It was probably pure coincidence that the bloodiest day in U.N. history, the day a massive truck bomb killed the world body’s chief Iraq envoy and 19 others, came on the 50th anniversary of the CIA-plotted coup in Iran that seeded today’s Islamic terrorism.
Or, maybe not. New York Times reporter Stephen Kinzer calls the Aug. 19, 1953, coup the first time the U.S. government overthrew another. The Iraq war merely was the most recent. But the eerie parallels don’t stop there. Not only was the 1953 overthrow of Mohammad Mossadeq, Iran’s elected prime minister, driven by the same ideological blinders and greed for oil that stoked our current blunder in Iraq. It also inspired a worldwide militant Islamic movement that burped up today’s al-Qaeda.
Otherwise brilliant politicians and military and intelligence operatives who plotted the overthrow failed to anticipate any of the negative long-term consequences. When irate Iranians finally threw off the U.S.- and British-installed shah and embraced radical Islam in a 1979 revolt, Washington looked for allies close by. The result was the brief U.S. embrace of Saddam Hussein in Iraq, just when he needed Western help in his drive for chemical, biological and nuclear weapons.
Other ugly consequences mirror those that soon could face us in Iraq. A people who once admired Americans learned to hate us, then rushed the other way politically, to embrace radical Islam over Western-style democracy. The nation whose influence we most dreaded - Russia - became Iran’s major nuclear supplier and a chief bidder for its oil. It’s as if we can never learn the lessons of history.
In “All the Shah’s Men,” his new book about the 1953 coup and its consequences, reporter Kinzer quotes Harry Truman saying, “There is nothing new in the world except the history you do not know.” Truman is the wise man in Kinzer’s tale, the one who chose “containment” over violent overthrow. His successor in the presidency, Dwight D. Eisenhower, was not so wise. He preferred action and a roll of the dice in Iran. Why? To counter what the die-hard Cold Warriors on his staff took to be Truman’s wimpiness in the face of the Soviet threat.

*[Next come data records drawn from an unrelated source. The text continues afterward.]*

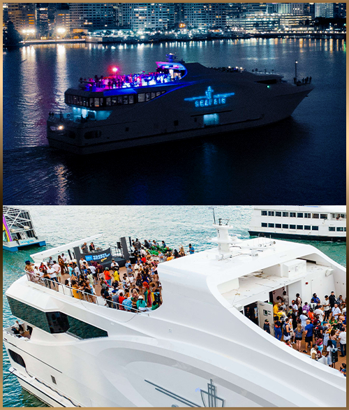 Board the Seafair Mega Yacht from one of Miami’s most iconic waterfront locations. Steps from luxury hotels, nightlife, and the city’s best views — the night begins the moment you arrive.
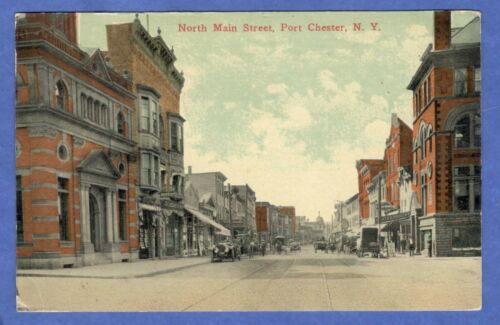 Port Chester, NY, North Main Street, Tracks, Old Autos, Dentist, Postcard
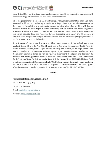 oriented funding for UAE SMEs. ECI also hosted a workshop in January 2025 to offer the selected
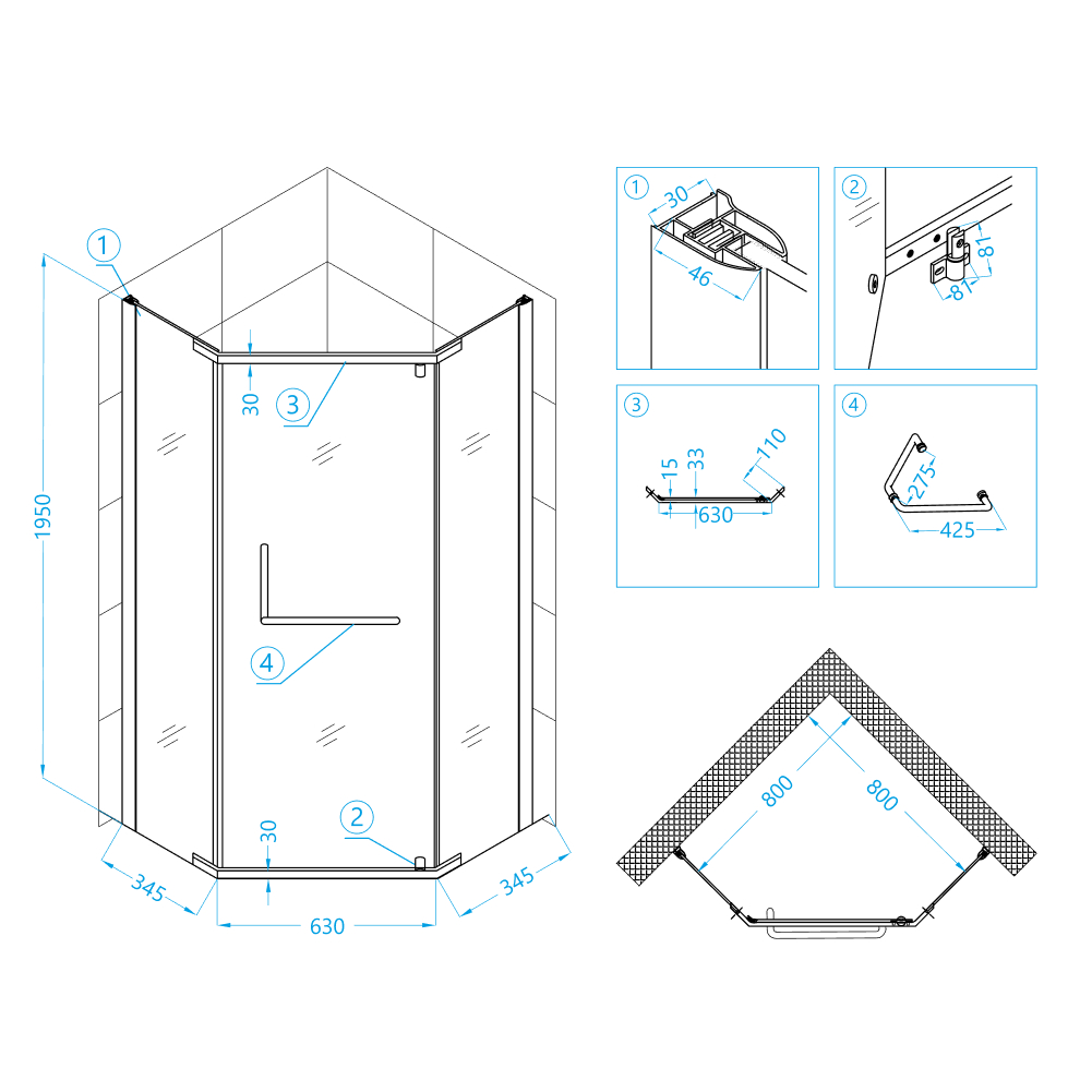 Душевой уголок RGW PA-81 Матовое-Сатинат 800x800
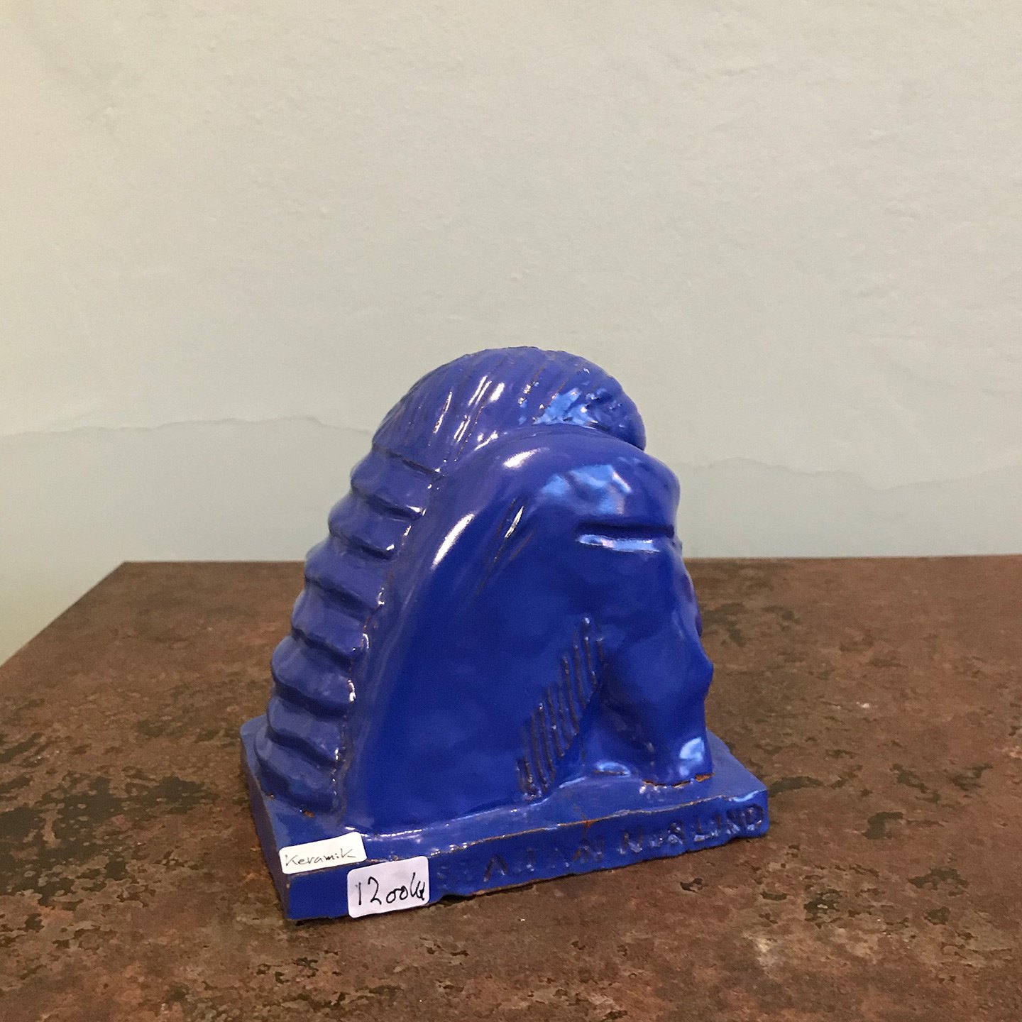 Skupltur i blåt glaseret keramik udført og signeret af den svenske kunstner Stefan Morlind.
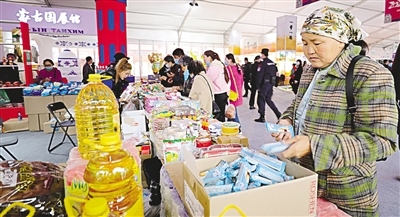 滿洲里互貿(mào)區(qū)的商品吸引附近的牧民前來(lái)購(gòu)買。 記者 李新軍 攝

Substitute “al-Qaeda” and “WMD” for “Reds” and “commies” and it all begins to have a very familiar ring. Why do they hate us? The question so often posed after Sept. 11 has its partial answer in this disgraceful act of 50 years ago, which demonstrates how political buffle-headedness can so abuse operational bravery and smarts. A secret CIA after-action report on the coup obtained several years ago by James Risen of the New York Times reveals how U.S. spies and military intelligence agents brilliantly manipulated a divided Iranian army, shoving out the Mossadeq government in an almost bloodless one-day coup. The Middle East changed forever on Aug. 19, 1953, as it did again in March 2003.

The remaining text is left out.